SARS update
Malaysian news
- Kuala Lumpur, MALAYSIA: Six more suspected cases of the Severe Acute Respiratory Syndrome (SARS) have been reported in the country, bringing the cumulative number of cases to 65 as of yesterday [Thursday].
Post-mortem findings on a 64-year-old man suspected of dying from SARS will also be available today.
- "The initial findings revealed that the patient died of heart failure and pneumonia complications but a re-examination will give us clear results before we can classify his death as a probable death from SARS," he [Health Ministry director-general Tan Sri Dr Mohamed Taha Arif] said.
Health Minister Datuk Chua Jui Meng, questioned on the man's death, today told the Dewan Rakyat (Lower House of Parliament) that the Health Ministry director-general "had already ordered a committee to be set up to determine whether the victim could be classified as a probable SARS case." Oh, right. We need a committee to decide whether the poor guy died of SARS?!
Reacting to criticism over his ministry's handling of the SARS issue, the minister was quoted as saying:
- "I have to say that the preparations that we have made to combat this problem ever since the WHO's worldwide health alert on March 12, is above what is required by the world body."
Malaysia Airlines, the country's national carrier, yesterday announced the cancellation of several flights to Hong Kong and Singapore due to the SARS situation.
The government has already advised Malaysians working in Singapore to take their annual leave and stay away from our southern neighbour.
World news
Yesterday, Singapore reported a fifth death from SARS, raising the global death toll to 80.
- The number of infections in the city state also rose, climbing by two to 100 and including a 20-year-old student, the Ministry of Health said. Sixty-three of these have recovered, but 12 are still in serious condition, and 609 are in quarantine.
Vietnam, which had seen no new cases in over a week, reported another new case yesterday:
- Vietnam, where the World Health Organization had thought the spread of the disease had been checked, reported its first new SARS case in more than a week, suggesting that it represented a new chain of transmission.
The case occurred in a man who was treated in a provincial hospital about two hours from Hanoi, which has been the center of the illness in Vietnam. The unexpected appearance of a new case raised the specter that the disease had spread into the countryside and might have infected health care workers in an area where infection control measures are substandard.
- A team of international scientists in southern China sought clues Friday to the "virological mystery'' of how a fatal flu-like illness started and spread, while new deaths were reported as far away as Canada.
The World Health Organization specialists planned to spend the coming days in Guangdong province talking to doctors, visiting hospitals and going to the town where the fist case of severe acute respiratory syndrome surfaced in November.
After the team arrived Thursday, provincial officials gave them information indicating that new cases of SARS were diminishing in the hard-hit region, team spokesman Chris Powell said.
The really bad news
Julie Gerberding, Director of US Centers for Disease Control and Prevention, has said that it will be difficult to contain the spread of SARS.
- It's too soon to tell whether a deadly new respiratory illness will become a global pandemic, but it would take extreme luck for it to be contained now, says the director of the U.S. Centers for Disease Control and Prevention.
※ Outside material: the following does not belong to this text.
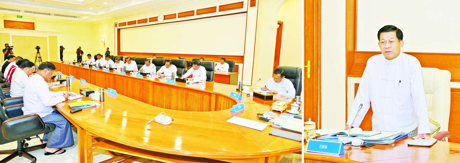 နိုင်ငံတော်စီမံအုပ်ချုပ်ရေးကောင်စီအစည်းအဝေးကို ယနေ့နံနက်ပိုင်းတွင် နေပြည်တော်ရှိ နိုင်ငံတော်စီမံအုပ်ချုပ်ရေးကောင်စီဥက္ကဋ္ဌရုံး အစည်းအဝေးခန်းမ၌ကျင်းပရာ နိုင်ငံတော်စီမံအုပ်ချုပ်ရေးကောင်စီဥက္ကဋ္ဌ နိုင်ငံတော်ဝန်ကြီးချုပ် ဗိုလ်ချုပ်မှူးကြီး မင်းအောင်လှိုင် တက်ရောက်အမှာစကားပြောကြားသည်။
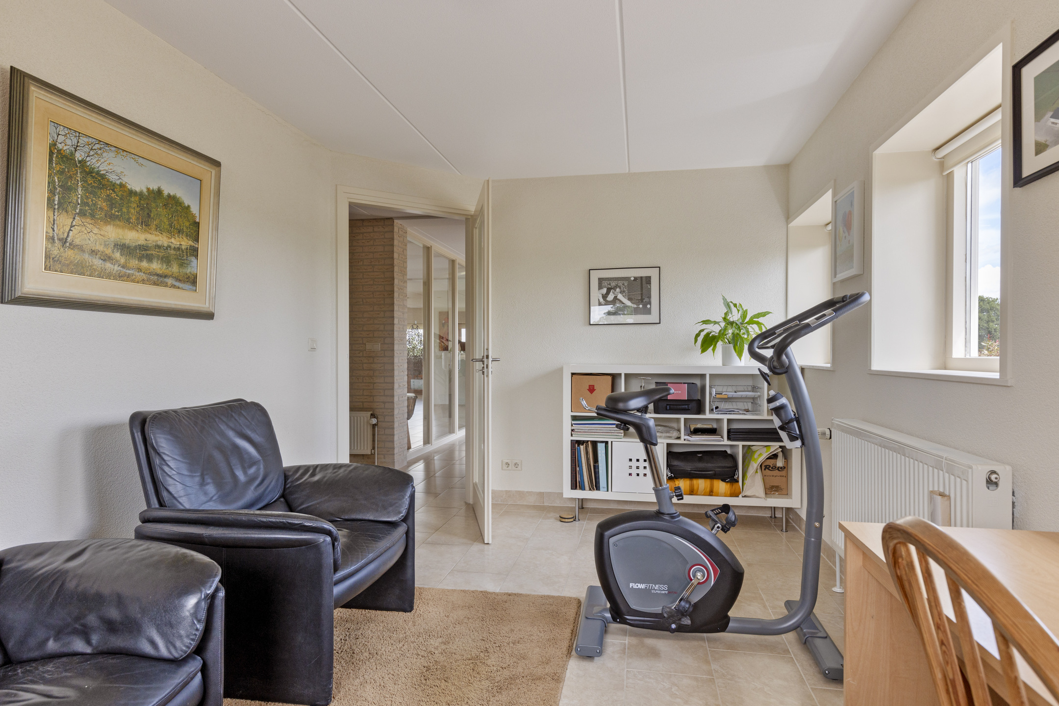 Left is the front bedroom, now used as a study and gym.

Severe acute respiratory syndrome, or SARS, seems to be well contained in the United States, with 85 suspected cases in 27 states, little secondary spread and no deaths.
But it continues to grow globally, in numbers and geographically. There are more than 2,200 cases in 16 countries, and it has now reached a fourth continent - South America - with Brazil reporting its first case.
It's also worsening in Canada, where a seventh SARS patient died Thursday and a conference of 16,000 cancer experts was canceled out of fear that doctors would catch the disease and spread it to vulnerable cancer patients.